Similarly, people that I am not trying to get to buy my book come up to me and tell me they are getting it only to never follow through. I could understand if I was pushing it on them, but to come up and tell me they are purchasing it is nuts to me.

Have you guys had this happen to you? (or do you make so many sales that you can't tell? -_-)


----------



## Benjamin Clayborne (Sep 12, 2012)

Possibly; hard to be sure. I haven't sold all that many copies of QUEEN OF MAGES yet, but enough that when someone says "I'm gonna buy it soon"... a copy I see logged a day or two later might or might not be them.


----------



## CupofJoe (Sep 12, 2012)

Hey - Wait until you get in to making music and then see sites trying to sell your own songs back to you...


----------



## Philip Overby (Sep 12, 2012)

I have downloaded samples of several books with hopes to be able to buy them later.  Usually if I say, "I'll buy this," that means I will.  Just need to save up the funds.  I'll download a sample of your novel now, Zero Angel.


----------



## BWFoster78 (Sep 12, 2012)

> I was curious if you had the issue that people tell you they are buying your book that night or the next day



Your extreme case is obviously weird of the guy, but I'm not sure that I would call the above "lying."  People get busy and procrastinate.  I told Benjamin a couple of week's ago that I would buy his book.  I just got around to it the other day and am currently reading it.

I wouldn't consider that a lie.  I just got busy with other stuff and was delayed.


----------



## Anders Ã„mting (Sep 12, 2012)

Zero Angel said:


> Hi guys,
> 
> I was curious if you had the issue that people tell you they are buying your book that night or the next day or even *have already bought it* when it is clear from your sales records that they have not bought it at all.
> 
> An extreme version of this happened with the Nook version of my book. For about the first month, I only had one sale on the Nook side and I actually saw this book on that person's Nook so I know they bought it. But I had another person that had claimed to purchase my book as soon as it had come out and kept with the claim for months!

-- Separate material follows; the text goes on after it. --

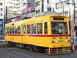 The Toei 7000 series (東京都交通局7000形) is a tramcar type formerly operated by Tokyo Metropolitan Bureau of Transportation (Toei) on the Toden Arakawa Line in Tokyo, Japan. The tramcars date from the 1950s, but were rebuilt in 1977 with new bodies.[1] The last remaining 7000 series tramcars were withdrawn following the final day of operations on 10 June 2017.
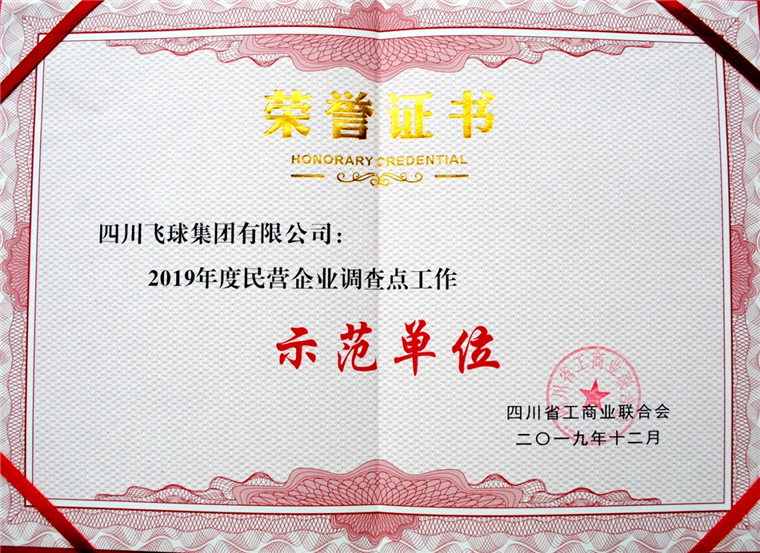 最近,省工商聯(lián)對(duì)自貢市的三家企業(yè)頒發(fā)了“2019年度民營(yíng)企業(yè)調(diào)查點(diǎn)工作示范單位”證書,飛球公司榮獲此殊榮。

If this happened to me, I would consider it an opportunity for some hilarious trolling.

"So I bought your book."
"Really? What did you think about the part with the mongoose?"
"Er... I haven't gotten that far yet."
"You're not even on the third chapter yet?"
"Well, I... started it yesterday, so I'm still not far into it."

*next day*

"Did you read the part about the mongoose yet?"
"Um, yeah. It was great. My favourite part."
"Yeah, I like it as well. Though my personal favourite is the part with the alligator."

Keep this up until your friend thinks the book is about a guy running a zoo or something.


----------



## Christopher Wright (Sep 12, 2012)

It's harder to track on my end because I distribute the book under a creative commons license that makes it legal for someone to non-commercially distribute copies of the book. So someone could say "I bought your book" just because they want me to feel like I actually earned money from them, when all they did was (legally) get a copy from a friend.


----------



## Zero Angel (Sep 12, 2012)

Phil the Drill said:


> I have downloaded samples of several books with hopes to be able to buy them later.  Usually if I say, "I'll buy this," that means I will.  Just need to save up the funds.  I'll download a sample of your novel now, Zero Angel.


Wow thanks for the sampling. I wasn't trying to complain, but I just couldn't believe I had someone telling me they bought my novel when they hadn't. 



Anders Ã„mting said:


> If this happened to me, I would consider it an opportunity for some hilarious trolling.
> 
> "So I bought your book."
> "Really? What did you think about the part with the mongoose?"
> ...


That would have been really funny. ~sigh~ @ lost chances!

@BWFoster78 I'm fine with procrastinating and can totally understand that...which is why I try to not state specific times when I will be doing something...but I just don't understand stating a specific time when you were not asked for one and I don't understand saying you bought it when it wasn't asked if you bought it either. 

I've never had this occur with anything else in my life where people would come up to me unsolicited to tell me they did something nice to me or for me or will be doing it only to find out that they actually hadn't done so or don't do it for going on 2 months. I thought maybe it was something unique to publishing.


----------



## BWFoster78 (Sep 12, 2012)

Zero Angel said:


> I've never had this occur with anything else in my life where people would come up to me unsolicited to tell me they did something nice to me or for me or will be doing it only to find out that they actually hadn't done so or don't do it for going on 2 months. I thought maybe it was something unique to publishing.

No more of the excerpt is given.